By: Kirill Katsnelson (kkm) 2011-02-28 17:51:34.000-0600

Very unfortunately, we had to cancel our upgrade to 1.8 and reverted the only production server back to 1.6, mostly because of this issue. So currently I have no setup that would be used in reproducing this problem any more.

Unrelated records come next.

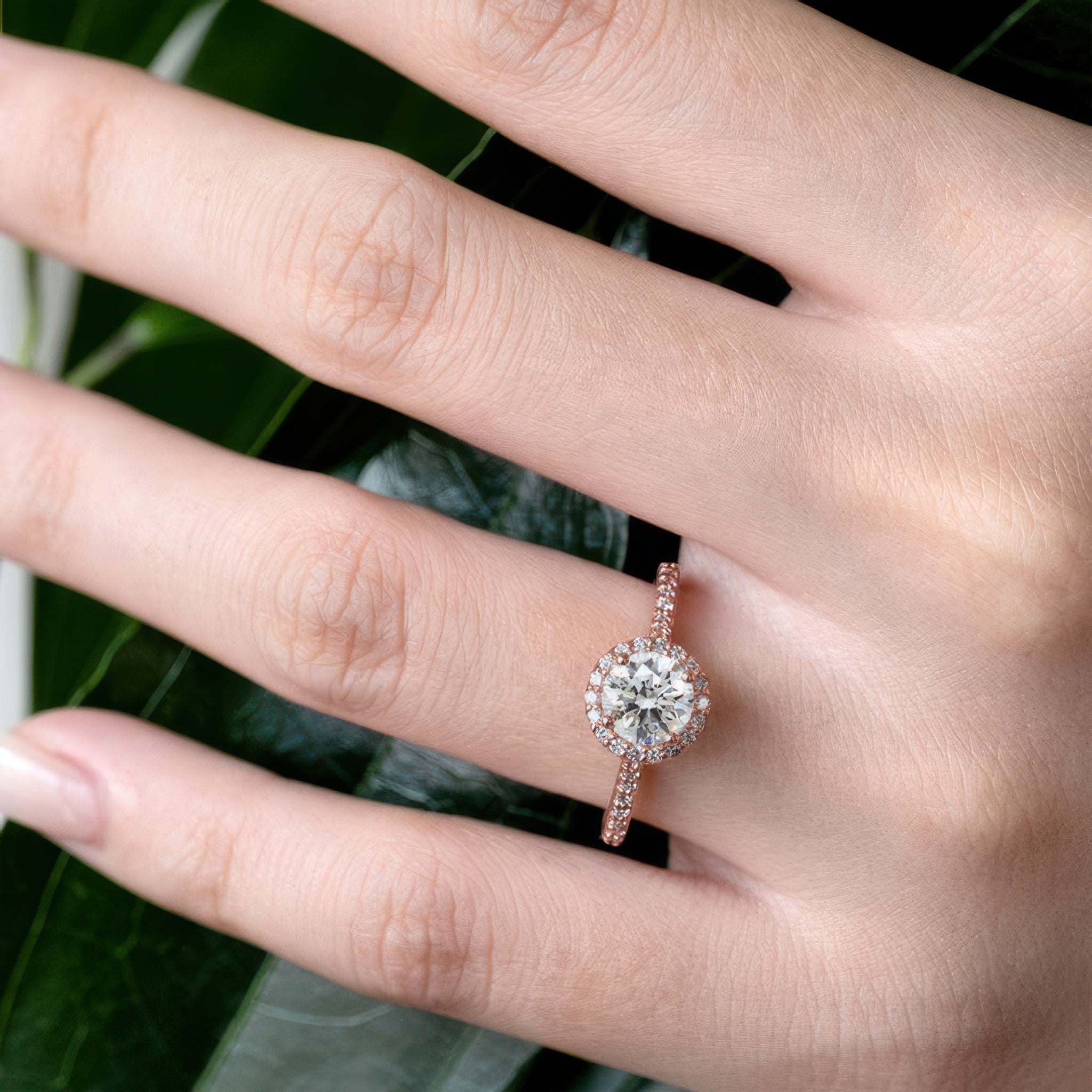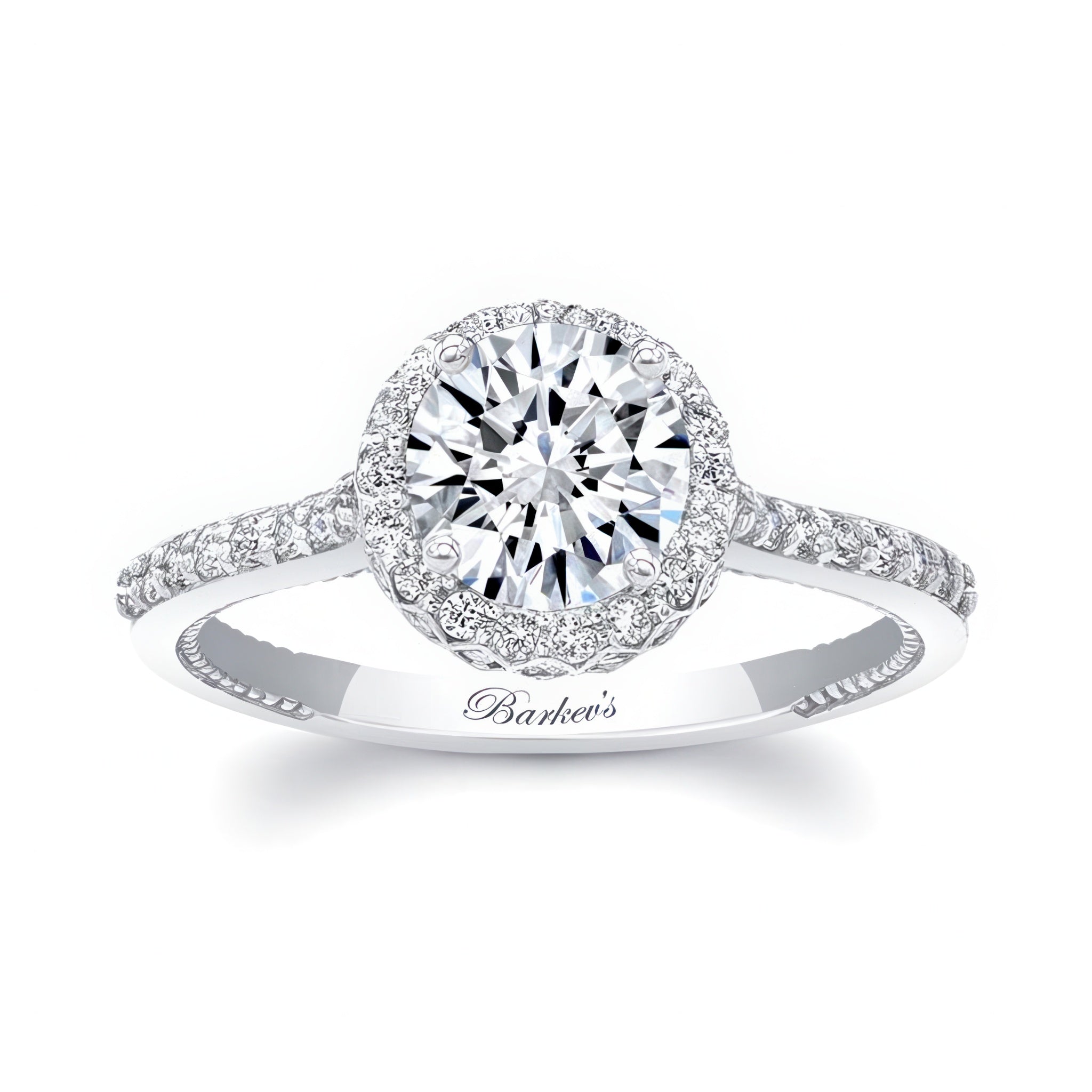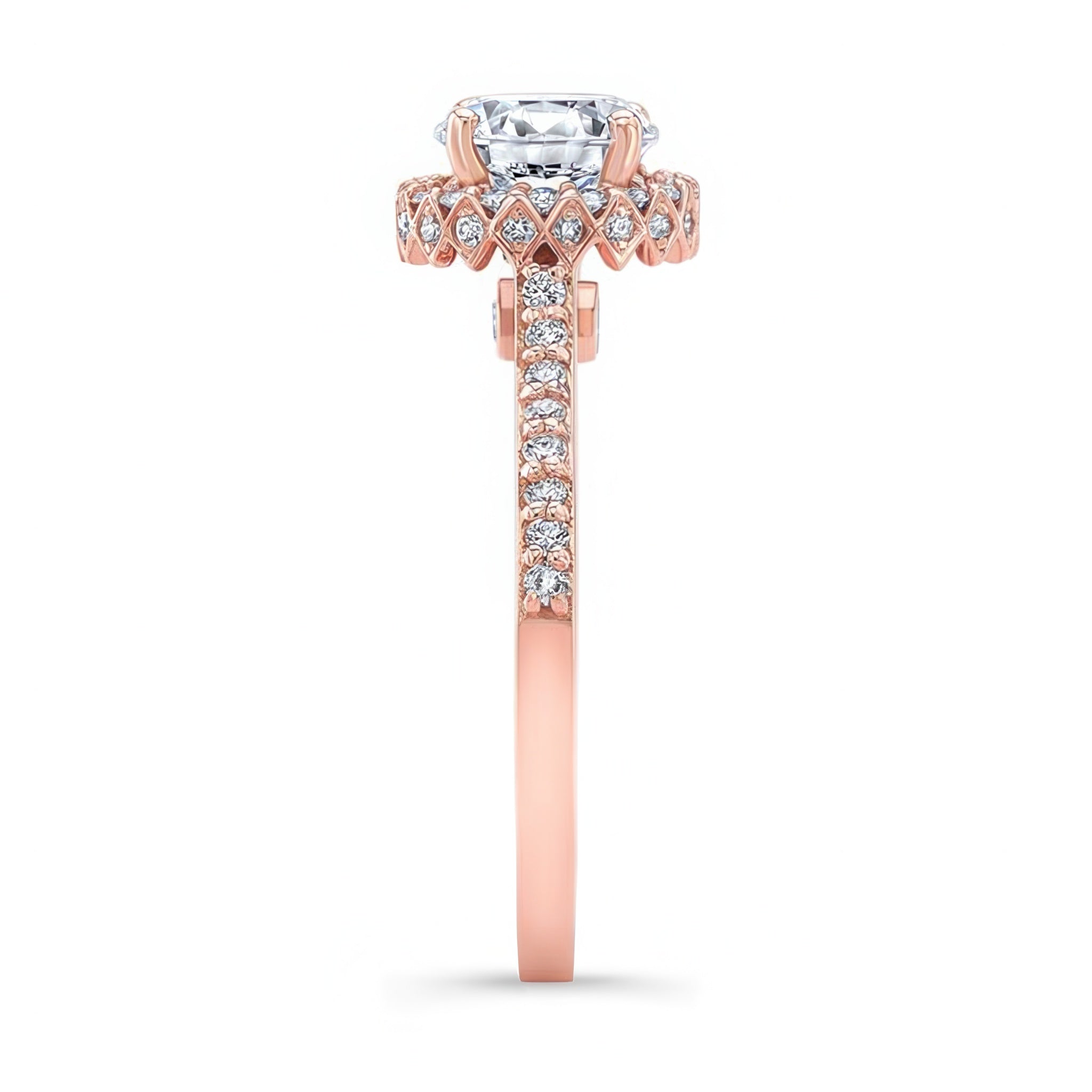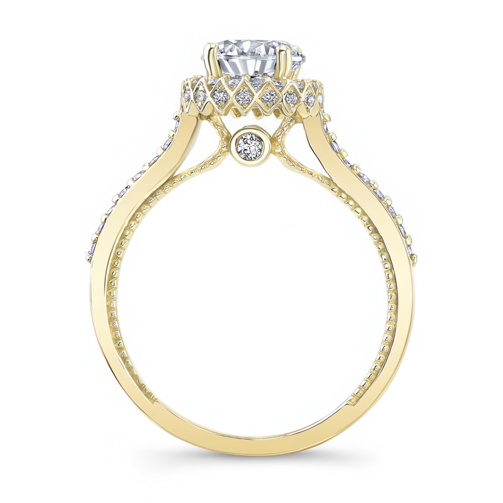 An exquisite round halo moissanite ring with a center surrounded by shared prong diamonds that continue down the shoulders. The profile view reveals a second hidden halo around the sides and two larger bezel set diamonds sitting just beneath the center.
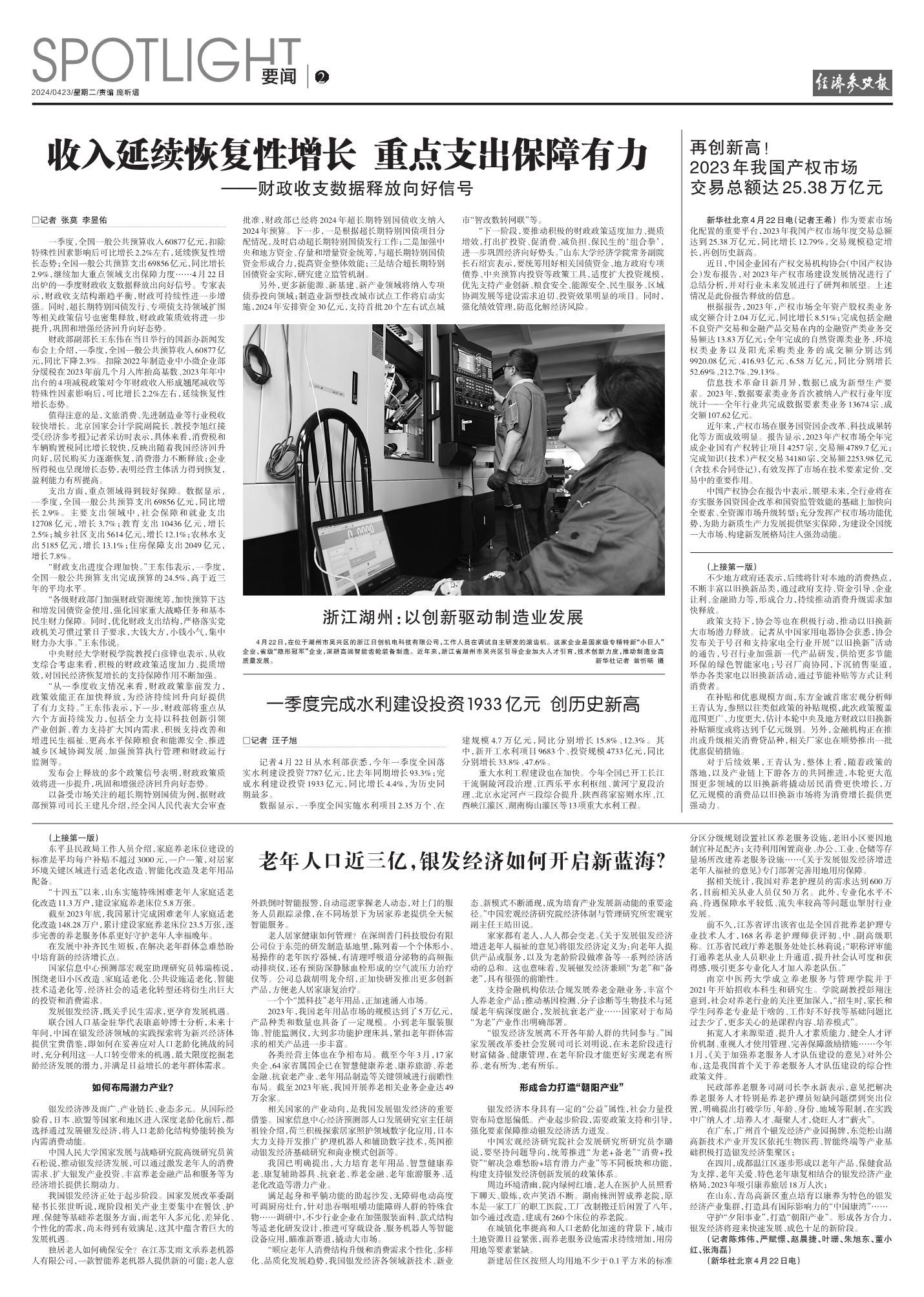 从数据看,一季度财政收入总体延续了恢复性增长的态势。一是受国家扩大内需政策与疫情转段恢复的刺激,与居民消费关联性较高的住宿和餐饮业、文化、体育和娱乐业以及零售业税收增长较快,说明居民消费活力在不断释放;二是扣除不可比因素影响后,制造业税收实现平稳增长,说明疫情的疤痕效应正在逐步得到修复。
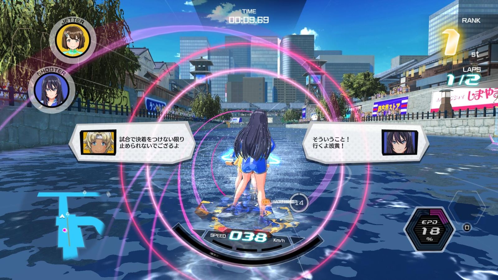 Wir befinden uns in einer Welt, in der der Wasserrennsport „Jet Race“ sehr populär ist. In diesen Rennen treten jeweils Zweierteams gegeneinander an: Der Jetter steuert das Gefährt, der Shooter schießt mit einer Wasserpistole auf die Gegner.
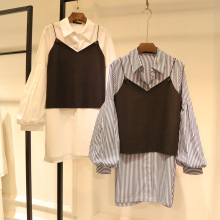2017韩国东大门代购春夏季新款灯笼袖条纹衬衫打底裙吊带两件套
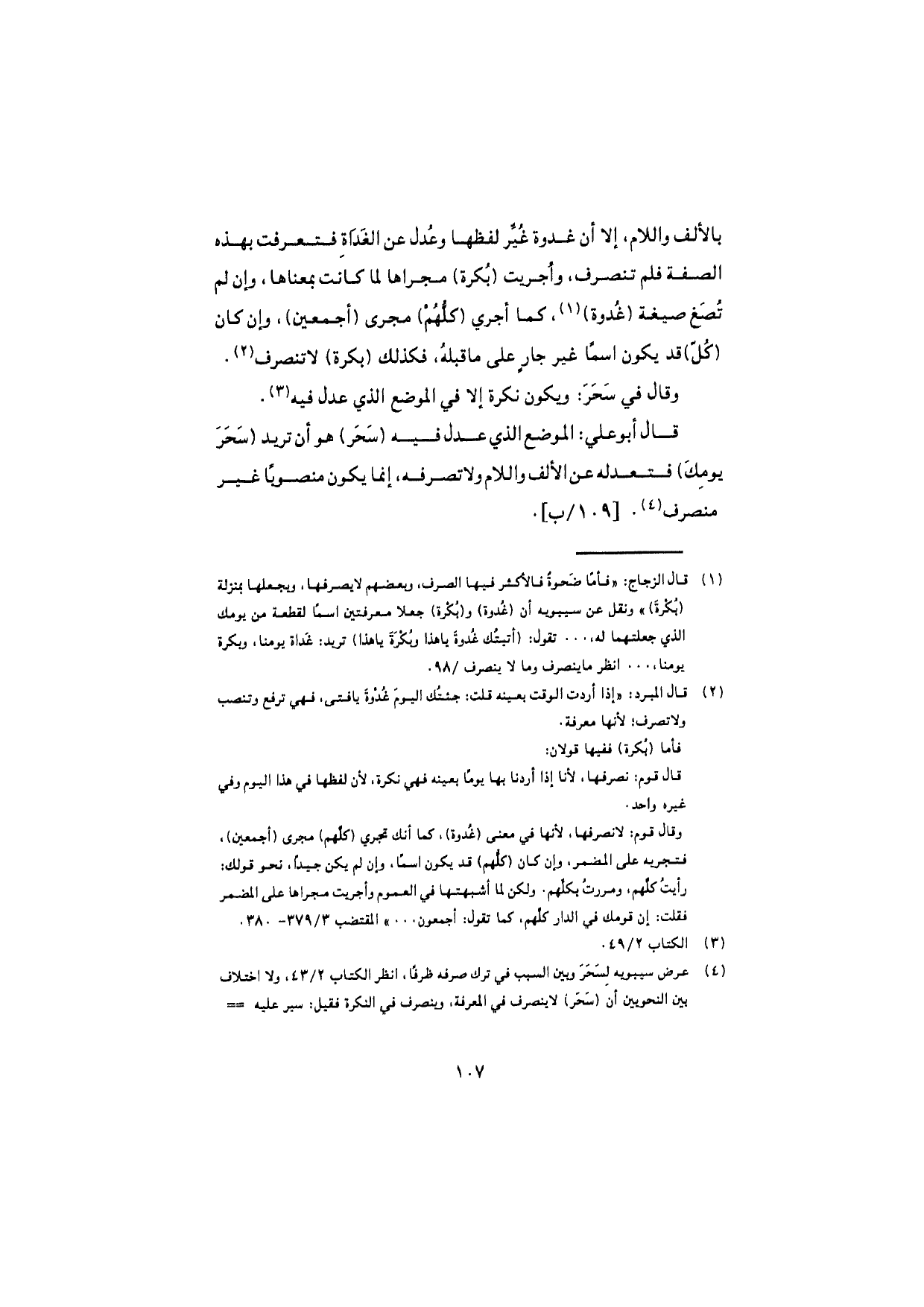 قال أبو علي: الموضع الذي عدل فيه (سَحَر) هو أن تريد (سَحَرَ يومِكَ) فتعدله عن الألف واللام ولا تصرفه، إنما يكون منصوبًا غير منصرف.

I think we should be able to try a fix, should it be a likely fix. So I have two questions here:
1. Is it quite likely that DAHDI will work around the problem?
2. We have no telephony cards here, SIP only. Will DAHDI work without the hardware? I have never considered it, so I know very little about it.
By: Kadir Terzi (kterzi) 2011-03-01 08:27:08.000-0600

I am not quite sure if this is related to my issue (https://issues.asterisk.org/view.php?id=18569), but I have tried all 3 timings one by one. Unfortunately none of them helps to my problem. I still get deadlocks.
By: Kirill Katsnelson (kkm) 2011-03-03 20:40:44.000-0600

Is it possible that kernel upgrade would help the issue, if that's a timerfd issue?
By: Kadir Terzi (kterzi) 2011-03-04 02:20:34.000-0600

I was not able to use timerfd with kernel 2.6.26-2-amd64, that's why upgraded to 2.6.32-5-amd64. Unfortunately it did not help. Do you think a newer one might help?
By: Kirill Katsnelson (kkm) 2011-05-06 17:51:16

Got a lock-up with timerfd in 2.6.35-28-server ASTERISK-46-Ubuntu SMP x86_64 GNU/Linux. Just logging for the sake of keeping history of the issue. It does not look like a kernel upgrade would help.
By: Leif Madsen (lmadsen) 2011-06-04 10:22:55

This will very likely be resolved with the closure and commit of code in ASTERISK-16711
By: Kirill Katsnelson (kkm) 2011-06-04 12:15:08

@lmadsen: I see some code committed on 05/31, are you talking about that commit? should I try it already?